Neurophysiological measures in human adults correspond to the transition between very brief, “unnoticeable,” and slightly longer-lived visual stimuli that penetrate deeply enough to leave a conscious imprint that subjects report they can “see.” Kouider et al. (p. 376) have performed parallel behavioral and neurophysiological studies in infants to identify a similar neural signal that appears to mark the development of visual consciousness.


Infants have a sophisticated behavioral and cognitive repertoire suggestive of a capacity for conscious reflection. Yet, demonstrating conscious access in infants remains challenging, mainly because they cannot report their thoughts. Here, to circumvent this problem, we studied whether an electrophysiological signature of consciousness found in adults, corresponding to a late nonlinear cortical response [~300 milliseconds (ms)] to brief pictures, already exists in infants.

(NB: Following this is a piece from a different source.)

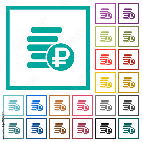 Ruble coins flat color icons with quadrant frames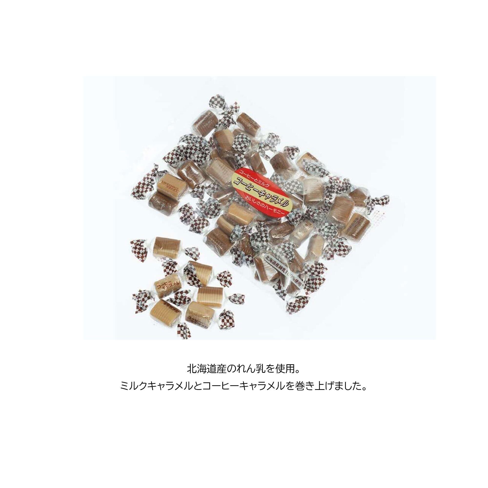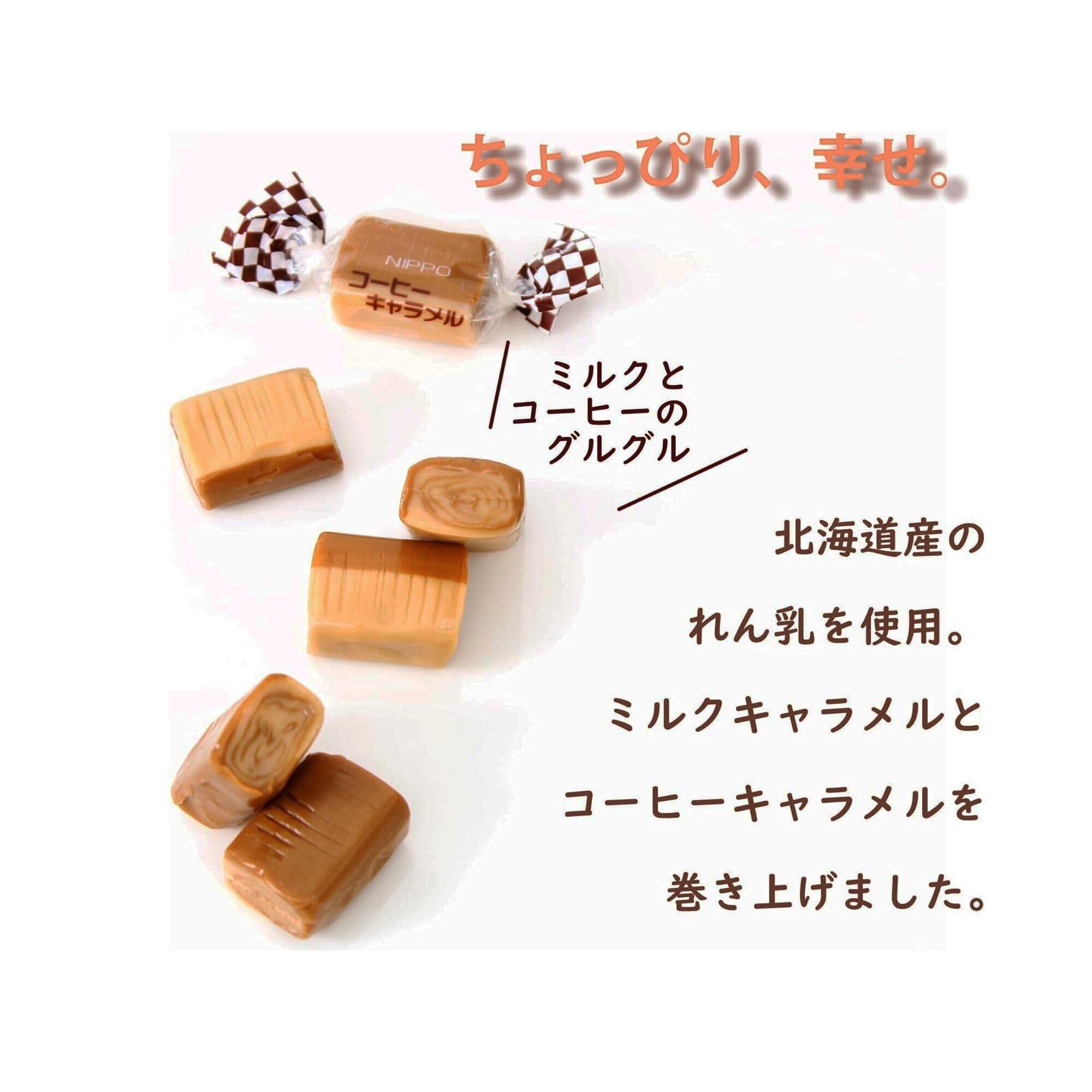 北海道産の練乳を使用し、風味豊かなコクのあるミルク味のキャラメルと、コーヒー味のキャラメルを一つにあわせました。小さなお子様から、お年寄りまで皆さんで楽しんで頂ける味です。

We recorded event-related potentials while 5-, 12-, and 15-month-old infants (N = 80) viewed masked faces at various levels of visibility. In all age groups, we found a late slow wave showing a nonlinear profile at the expected perceptual thresholds. However, this late component shifted from a weak and delayed response in 5-month-olds (starting around 900 ms) to a more sustained and faster response in older infants (around 750 ms). These results reveal that the brain mechanisms underlying the threshold for conscious perception are already present in infancy but undergo a slow acceleration during development.